Borgon has spent all day shouting at the comms array. He says it's definitely malfunctioning, and nothing we've sent out has gone anywhere. He keeps losing stuff too. Power has gone in the cargo bay completely, and a couple of the other cabins. We're sharing the same quarters now.

And the shadows are still moving.

Day Twenty Three
Borgon is asleep, but he keeps talking. To people who aren't there. I've just been down to the sick bay cupboard, and talked to the EMH. I know Borgon said the being from the ship couldn't have survived, but I kept wondering. So I asked if something could survive for hundreds of years without food. And I got a lecture about dormancy and drought survival mechanisms.

But what could fit the evidence? Power fluctuations. Seeing moving shadows. Or hallucinating moving shadows. Comm interference. Sudden death. Vanished corpses.

I have no idea. I barely passed basic sciences and its fading away already. Unless it was physics related to flying. That was easy, even the maths. Anyway. The EMH said it might be related to energy. Or different types. A nuclear reactor is high end electromagnetic spectrum. Light is mid range. Human brains are super low end. "One conjecture,” he said, “is that, if there is a thing from subspace on board the colony ship, a Visophage, if you will,"

"Vis o what?" I asked.

"Visophage, an eater of power. I know it's stylistically unsound to mix Latin and Greek roots, but I thought you would confuse Biaphage with biophage, which is not correct, and Visovore sounds odd."
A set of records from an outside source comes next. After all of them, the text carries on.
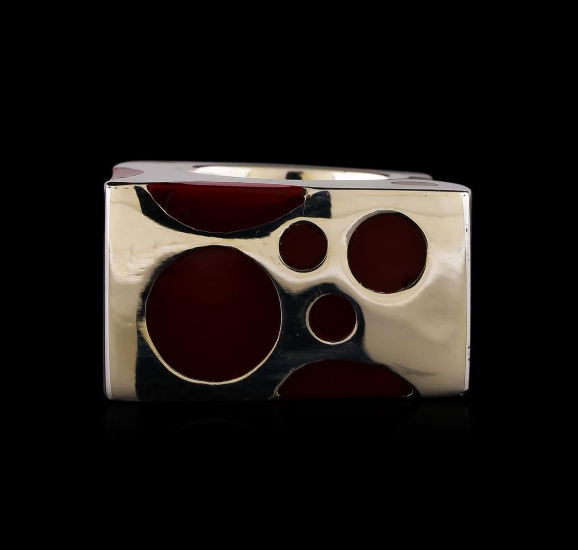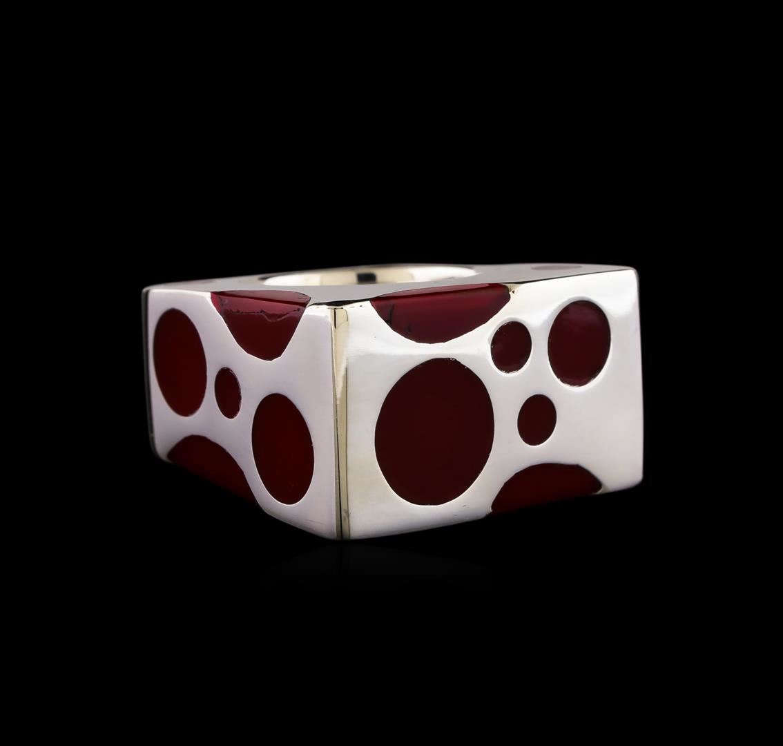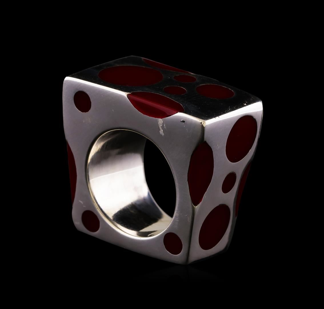 One of a kind high fashion sterling silver Ring weighing 15.8 grams. Containing: Red Enamel Inlay. This sterling silver promises a lasting shine.
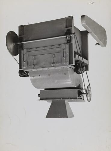 Black and white promotional image of a disc mill machine. It is part of a collection of photographs and marked printer's copy used in the preparation of trade literature promoting products manufactured by the Schumacher Mill Furnishing Works Pty Ltd. The items were originally housed in a wooden filing drawer, with many filed by subject. This photograph was previously filed under 'Disc Mills'.
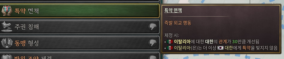 특약을 얻어내는 방법은 간단해보이지만 간단하진 않다. 우선 국력이 세야 한다. 예를 들어 이런 것이다. 나보다 약한 사람에게 도움을 받는 것에 대해 자존심 상한적도 있지 않은가? 빅토리아 3에서도 동일하다 국력이 약하면 플레이어의 도움을 받지도 않을 것이다.
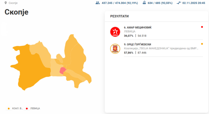 Според првичните резултати на ДИК во вториот круг за градоначалници во две од четири скопски општини водат кандидатите на ВМРО-ДПМНЕ, во Аеродром и Карпош, во Центар води кандидатот на СДСМ и Коалицијата, додека во Шуто Оризари кандидатот на Унија на Роми и актуелен градоначалник Курто Дудуш.
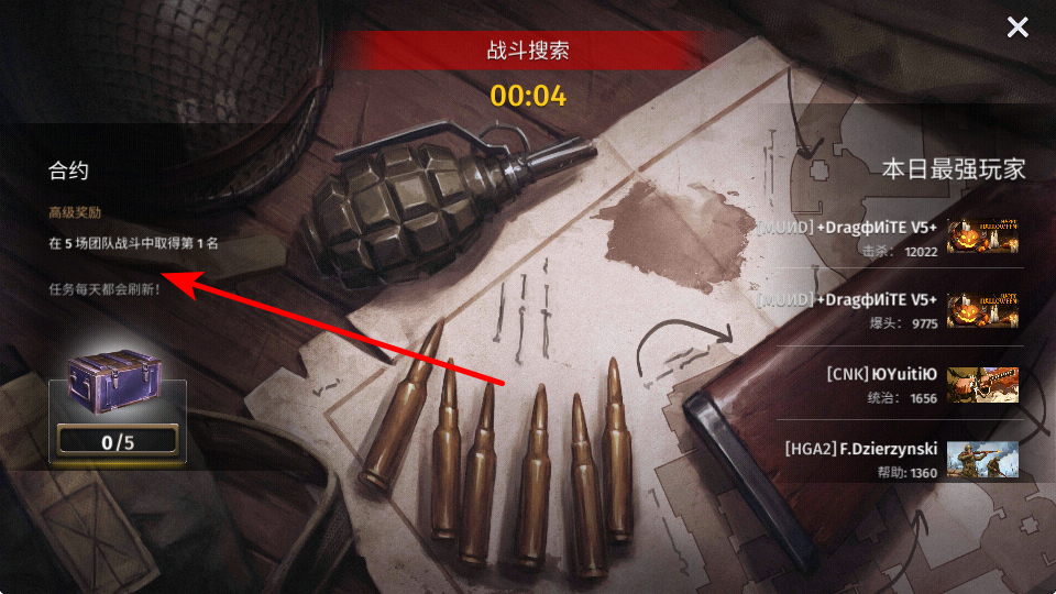 2、了解合約任務(wù),在戰(zhàn)斗搜索界面,查看合約任務(wù)如在5場團(tuán)隊?wèi)?zhàn)斗中取得第1名,明確游戲目標(biāo)。

“There’s a thing eating power?” I had to say.

“It’s conjecture, but let’s assume its correct. A theory that could fit your observations is that this Visophage feeds on ultra low frequency energy. There’s not many natural sources of low frequency energy in interstellar space. It could be starving. Particularly if high frequency energy gives it indigestion. The radiation leak from the Norfolk Island may have suppressed it somehow, forced it into hibernation, or weakened it. I’m inclined to say weakened it. I think the power fluctuations are a result of the entity attempting to find a food source. Tastings, if you will.”

I wanted to know if it was hungry, why it didn’t just ask for help. Maybe we could do something to help.

“Well,’ The hologram says. “You’re making a typical assumption of biological organisms that everything thinks like them. If it has come from somewhere through a tear in subspace, it could not be sentient. It’s more than possible that it doesn’t even recognise you as alive, let alone capable of communication.”

Which didn’t fill me with hope. It was all the easy questions done, so I had to ask the one I didn’t want to know the answer to. Well, two related, bits. “How is it killing us? And what happened to the body?”

The EMH shrugged. “It's known that ELFs can do strange things, electromagnetically. Maybe it's feeding process affects the brain, hence the hallucinations, and whatever Captain O’Keefe experienced at death. It's possible that however it feeds also causes the molecules of the body to break down. The chances are Captain O’Keefe’s mortal remains are just floating around the air filters. You’ve probably breathed most of him in all today.’